Orange

Du fil au textile, toujours orangé…

Des textiles orangés étonnants..

Hier, je vous ai montré quelques créations de grands couturiers qui m’avaient étonnée. Cette fois, nous sommes toujours dans le textile mais sur des effets absolument éloignés mais qui parlent tous de représentation. 

Cathédrale de fils d’Olivier ROLLER 

Je ne puis quitter les tons orangés sans vous présenter cette œuvre d’un photographe Olivier ROLLER, qui travaille beaucoup sur les portraits. 

Il a conçu cette cathédrale de fils présentée actuellement au Château d’ Angers mais que je ne peux aller voir…. à la demande des Centres  des monuments Nationaux. 

Voici ce qu’il nous en dit : 

« Une tapisserie, ce sont deux fils entrelacés. J’utiliserai la métaphore du fil pour tisser une cathédrale dans le château d’Angers, lié à la tapisserie par la tenture de l’Apocalypse… Architecturalement, la structure reprendra la forme classique de la cathédrale, en forme de crois latine avec les inventions du Moyen Age (arcs brisés et croisée d’ogives). Cette structure en métal, sera tissée de fils espacés en laissant le regard passer à travers. Dans la symbolique, le métal est le squelette, le fil est la peau…. Au-delà de ces multiples jeux de correspondance, cette installation est liée avec ce qui m’intéresse dans les photographies. En effet, je travaille sur les visages du pouvoir , à la recherche de la matière : traces du temps sur les peux, sur la pierre des statues, sur les fils des tapisseries. Mais elle m’intéresse aussi dans son questionnement sur le sacré, son détournement à l’heure actuelle et la manière dont les gens se l’approprient.  » 

Le jeu de lumière est amplifié par les dégradés de couleurs et les espacements des fils, denses au sol et plus larges au fur et à mesure qu’on monte le regard laissant entrer la lumière divine. 
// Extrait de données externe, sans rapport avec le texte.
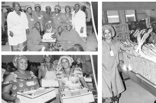
Figure 5 Les femmes trieuses du périmètre maraîcher de Van Oers, février 2017

Source: Ngom, Badiane, Diongue et Mbaye, 2015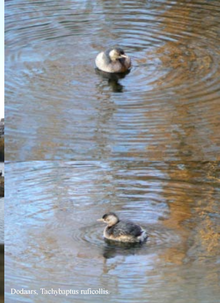
Dodaars, Tachybaptus ruficollis .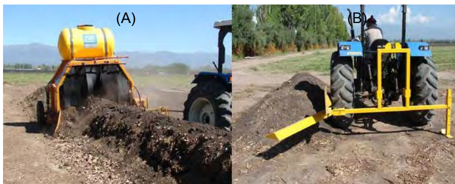
FIGURA 1. Mecanización del volteo de pilas de compostaje. (A) Máquina volteadora (EAA Hilario Ascasubi INTA), (B) Implemento tipo “reja” (EAA Mendoza INTA).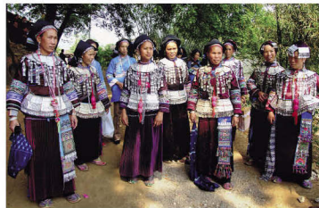
丘北县壮族沙支系布依分支妇女服饰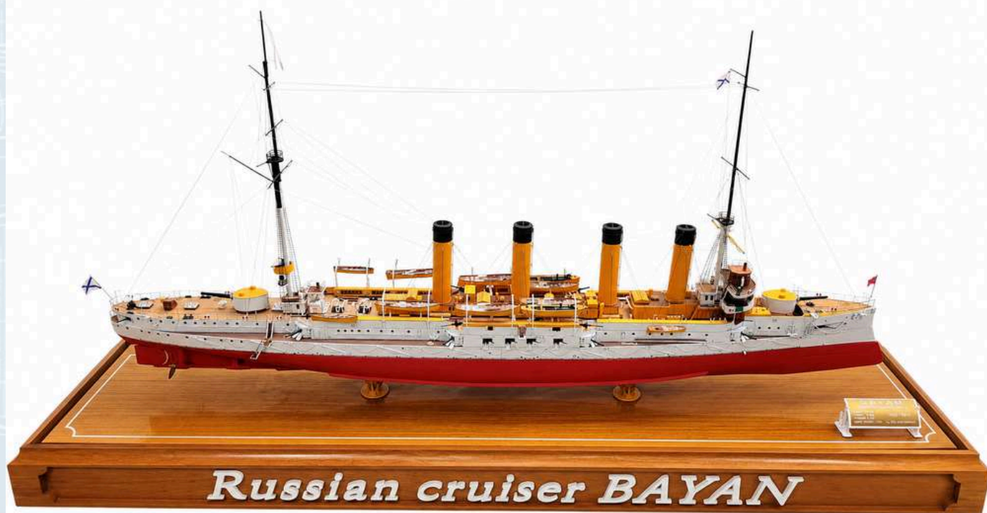
Razred C-7, Izložak br. 18

Roland Vlahović Lovran "Bayan" Oklopni krstaš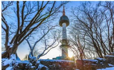
โซลทาวเวอร์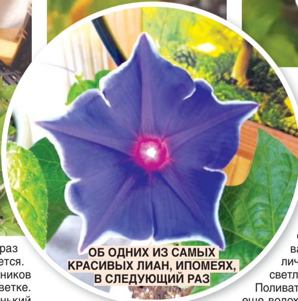
ОБ ОДНИХ ИЗ САМЫХ КРАСИВЫХ ЛИАН, ИПОМЕЯХ, В СЛЕДУЮЩИЙ РАЗ

большим количеством бутонов различных расцветок. И к середине мая у вас на участке будет красивейшая клумба.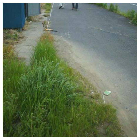
写真4 2005/5/13 水田畦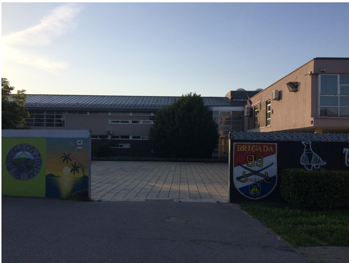
Sl. 12. OŠ Žitnjak (fotografirano 16. 8. 2024.)

OŠ Vukomerec (sl. 13) izgrađena je 1973. godine. Zgrada se postupno obnavlja. Svojom veličinom, funkcionalnošću i opremljenošću, zgrada u određenoj mjeri ne zadovoljava potrebe učenika zbog velikog broja razrednih odjela. Potrebna je obnova krovišta, energetska obnova, obnova parketa i pločica te bojanje unutarnjih prostora. Završena je obnova fasade te zamjena vrata i prozora. U školi se nalazi jedna učionica za geografiju i povijest te jedan kabinet za geografiju i povijest. Škola raspolaže sa 67 računala.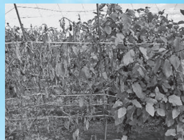
ナス青枯病発病株(左)

※当センターや農協TACに問い合わせをされる時にも、上記の点を事前にチェックして頂くと、早期の原因究明に繋がります。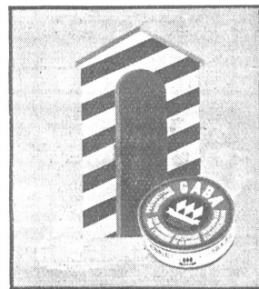
Gaba nehmen — Gaba nützt, Gaba schicken — Gaba schützt.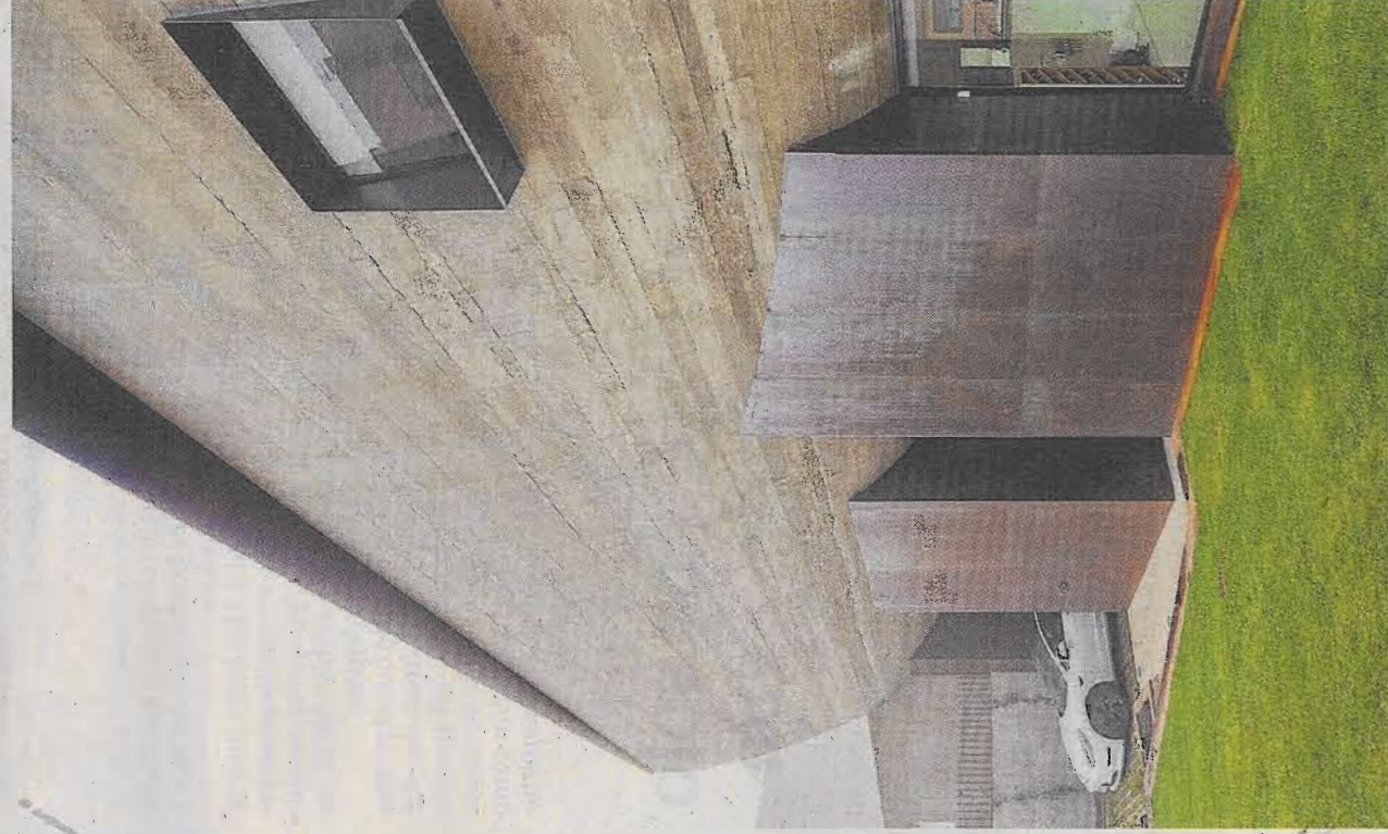
En el ámbito de la Edificación, ha sido seleccionada la Casa Nau, en Ciudad Real. / LT

En el ámbito de Paisaje y Espacio Público, se ha seleccionado la Remodelación del entorno de la plaza de toros Alcázar de San Juan. El pro-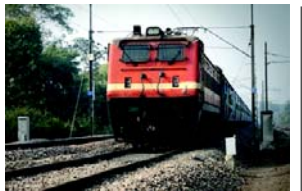
ભવાની મંડી, રામગંજ મંડી, કોટા, સવાઈ માધોપુર, દુર્ગાપુરા, જયપુર અને કિશનગઢ સ્ટેશન પર બંને દિશામાં ઉભી રહેશે. આ ટ્રેનમાં એસી ૨-ટાયર, એસી ૩-ટાયર, એસી ૩-ટાયર (ઈકોનોમી), સ્લીપર ક્લાસ અને જનરલ સેકન્ડ ક્લાસ કોચનો સમાવેશ થાય છે. ટ્રેન નંબર ૦૮૬૨૩/૦૮૬૨૪ બાંદ્રા ટર્મિનસ-અજમેર (સાપ્તાહિક) સુપરફાસ્ટ અનરિઝર્વ્ડ ઈર્સ સ્પેશિયલ (૬ ટ્રીપ્સ) ટ્રેન નંબર ૦૮૬૨૭ બાંદ્રા ટર્મિનસ-અજમેર વીકલી અનરિઝર્વ્ડ સ્પેશિયલ ગુરુવારે બાંદ્રા ટર્મિનસથી ૧૨.૧૫ કલાકે ઉપડશે અને બીજા દિવસે ૦૬.૨૫ કલાકે અજમેર પહોંચશે. આ ટ્રેન ૨૬મી ડિસેમ્બર, ૨૦૨૪ અને ૨૭ જાન્યુઆરી, ૨૦૨૫ના રોજ દોડશે. આ ટ્રેન માર્ગમાં બોરીવલી, પાલઘર, વાપી, વલસાડ, ઉધના, વડોદરા, રતલામ,

(એજન્સી) તા.૨૫ મુસાફરોની સુવિધા માટે અને તહેવાર દરમિયાન મુસાફરોના વધારાના ધસારાને દૂર કરવા માટે, પશ્ચિમ રેલવેએ બાંદ્રા ટર્મિનસ અને અજમેર વચ્ચે વિશેષ ભાડા પર બે વિશેષ ટ્રેનો ચલાવવાનો નિર્ણય કર્યો છે. ટ્રેન નંબર ૦૮૬૨૪/૦૮૬૨૩ બાંદ્રા ટર્મિનસ-અજમેર (સાપ્તાહિક) વિશેષ (૪ ટ્રીપ્સ) ટ્રેન નંબર ૦૮૬૨૪ બાંદ્રા ટર્મિનસ-અજમેર વીકલી સ્પેશિયલ ગુરુવારે બાંદ્રા ટર્મિનસથી ૧૦.૦૦ કલાકે ઉપડશે અને બીજા દિવસે ૧૦.૧૫ કલાકે અજમેર પહોંચશે. આ ટ્રેન ૨૬મી ડિસેમ્બર, ૨૦૨૪ અને ૨૭ જાન્યુઆરી, ૨૦૨૫ના રોજ ચાલશે. તેવી જ રીતે, ટ્રેન નંબર ૦૮૬૨૩/૦૮૬૨૪ બાંદ્રા ટર્મિનસ વીકલી સ્પેશિયલ બુધવારે અજમેરથી ૧૦.૧૫ કલાકે ઉપડશે અને બીજા દિવસે ૦૬.૪૫ કલાકે બાંદ્રા ટર્મિનસ પહોંચશે. આ ટ્રેન ૨૫મી ડિસેમ્બર, ૨૦૨૪ અને ૧લી જાન્યુઆરી, ૨૦૨૫ના રોજ દોડશે. આ ટ્રેન માર્ગમાં બોરીવલી, પાલઘર, વાપી, વલસાડ, ઉધના, વડોદરા, રતલામ,

On entre dans cet espace et au centre, un miroir nous renvoie notre reflet, évocation artistique du selfie, icone de nos temps modernes narcissiques et autocentrés. A travers cette installation c’est aussi une interrogation sur la place de la foi dans nos sociétés, le lieu du sacré. 

Le photographe nous dit aussi : « Le fil est fragile, il est métaphore de la vie, il se détend et peut casser. »

Puisque nous parlons matières et représentation tout autant que couleur orange, je pense aussi au travail des indiens kuna d’Amérique centrale : les molas. Cette technique d’application envers, est aussi représentative de croyances et riche de symboles. 

 Notre photographe nous parlait de laisser passer la lumière. Pour les kunas, c’est aussi le cas lorsqu’on voit les petites fentes comme ici à gauche, prévues pour imiter l’effet de la lumière à travers les roseaux dans leurs maisons, identifiées par des petits triangles colorés. . 

Les molas sont portés par les femmes, gardiennes des maisons. Les nombreux labyrinthes sont là pour empêcher les mauvais esprits et protéger ceux qui portent ces motifs. Ils sont aidés par les dents, également là pour repousser ou croquer ces esprits chagrins. Ces tabliers sont posés au dessus de jupes colorées en portefeuille. Il s’agit plutôt d’un pagne dont la longueur est variable. Dans le costume des kunas, on remarque aussi les Winis, ornements de bras et de jambes perlés aux couleurs assorties aux molas. Ces ornements sont changés tous les deux ou trois semaines. Voyez combien ces tressages sont compliqués à mettre en place !

A l’origine, ces motifs sont ceux des peintures corporelles. Les espagnols vont introduire les tissus et cette technique ne daterait que d’environ 170 ans maximum. Ce sont à chaque mola, des scènes de la vie quotidienne, du passé, des rêves des brodeuses… Outre la technique, on les reconnait aussi par la stylisation des motifs. Végétaux et animaux  prennent une place importante. Pas de place vide, on remplit totalement l’espace du tissu. Plus on met de couleurs variées, et donc de surépaisseurs, plus on prouve sa dexterité. 

Mais, au Panama, cette pratique a pris un tel développement et une telle importance que le gouvernement début XXème siècle, a tenté d’interdire le port du costume devenu « traditionnel ». La résistance est forte tant ces textiles représente cette communauté et les incidents qui en découlent seront appelés « La Révolution des Kunas » en 1925. Le gouvernement finit  par accorder une gestion autonome  de leurs territoires, avec sa propre jurisprudence. 

Il s’agit du 2ème plus petit peuple du monde. Dont une toute petite représentation. Mais ce que je retiens c’est qu’il s’agit d’une peuple matriarcal. Au mariage, c’est l’homme qui rejoint la famille de la femme. Ce sont les femmes qui héritaient et encore actuellement, la vente des molas fait une part belle au travail et à la reconnaissance des femmes dans les villages traditionnels.